Transfer of oocytes was carried out within 1 h after ICSI. The oocytes surviving after ICSI were transferred into the oviducts of surrogate females that were mated with vasectomized males the day before embryo transfer. Numbers of implantation sites and live offspring were assessed at 21 days of gestation. Live offspring derived from oocytes fertilized with freeze-dried sperm stored for 5 years were fostered to lactating females, and their fertility was evaluated by mating after maturation.

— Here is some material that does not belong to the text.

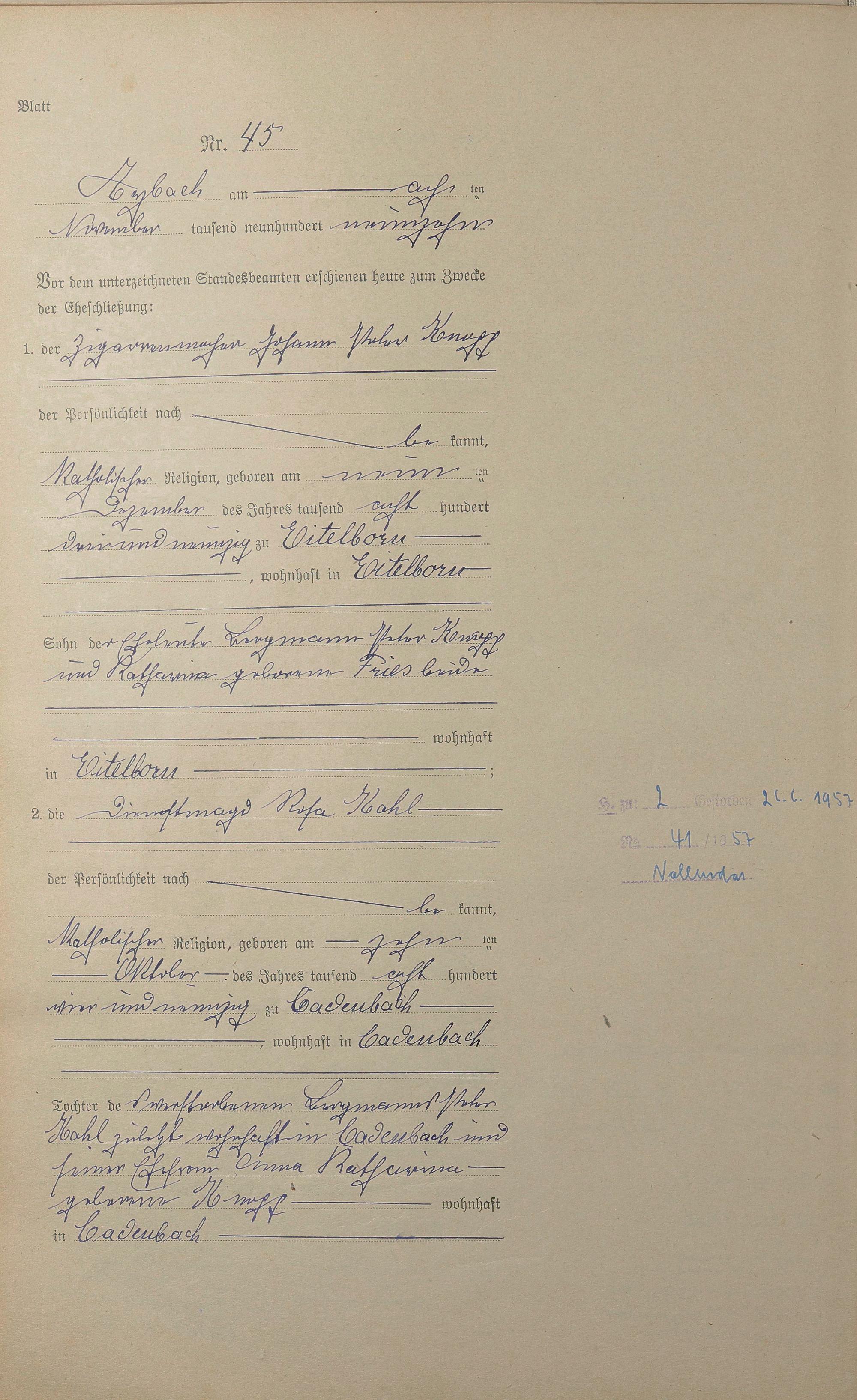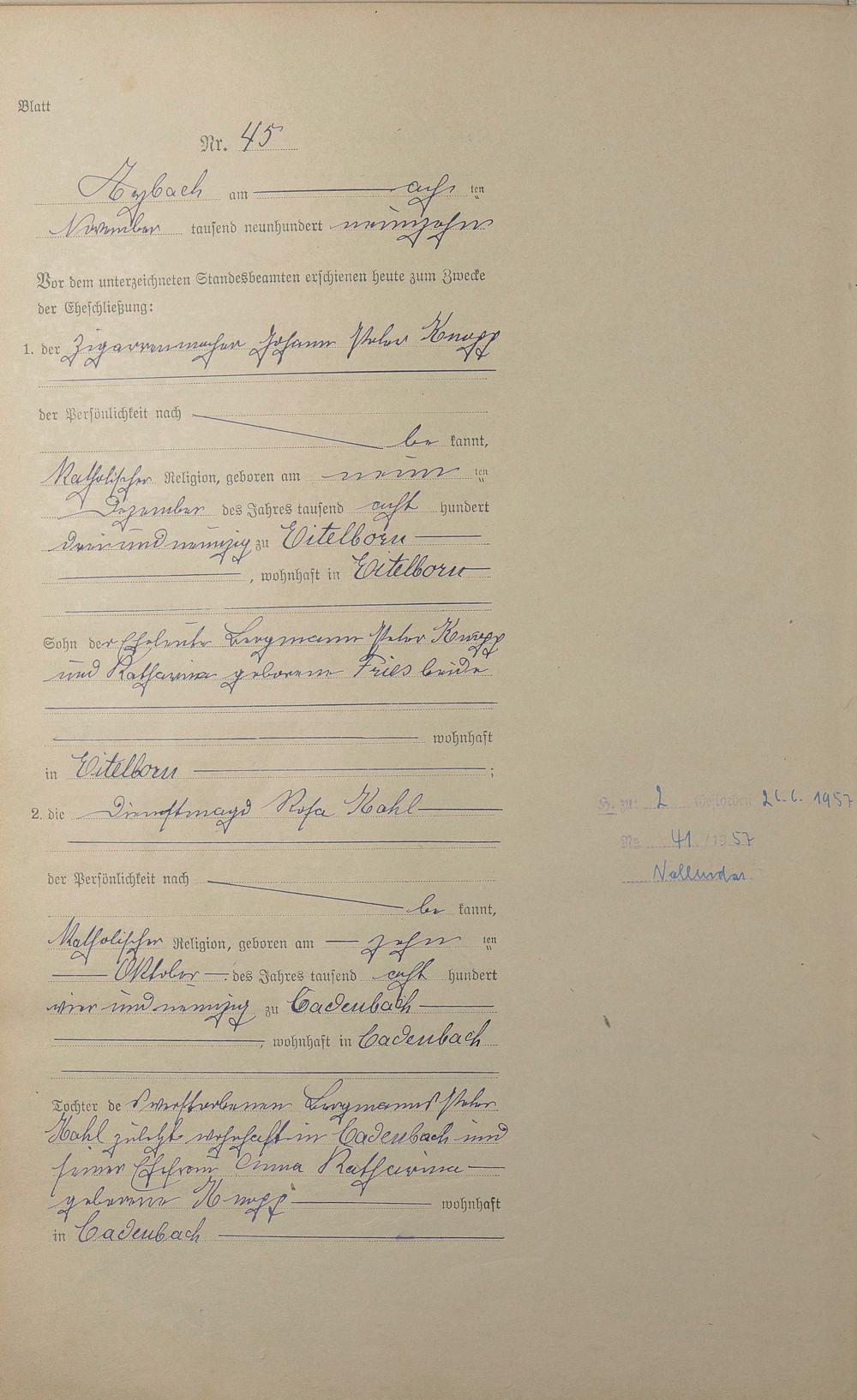 Heiratsregister 1919

Analysis of DNA fragmentation in freeze-dried sperm

DNA fragmentation was analyzed using Halomax (Halotech DNA SL, Madrid, Spain). Briefly, 4 µl of sperm suspension conducted in melting agarose was placed onto the marked wells of a glass slide. A glass coverslip was used to cover the sperm suspension, and the glass slide was cooled in a refrigerator for 5 min. The glass coverslip was gently removed, and then glass slide incubated in 10 ml of lysing solution at room temperature. After 5 min of incubation, the glass slide was washed with distilled water for 5 min. A glass slide was then dehydrated through a 70, 90 and 100% ethanol, and air-dried. Sperm stained with propidium iodide was used to analyze DNA fragmentation under an inverted microscope with a fluorescein filter (IX-71, Olympus Co., Tokyo, Japan).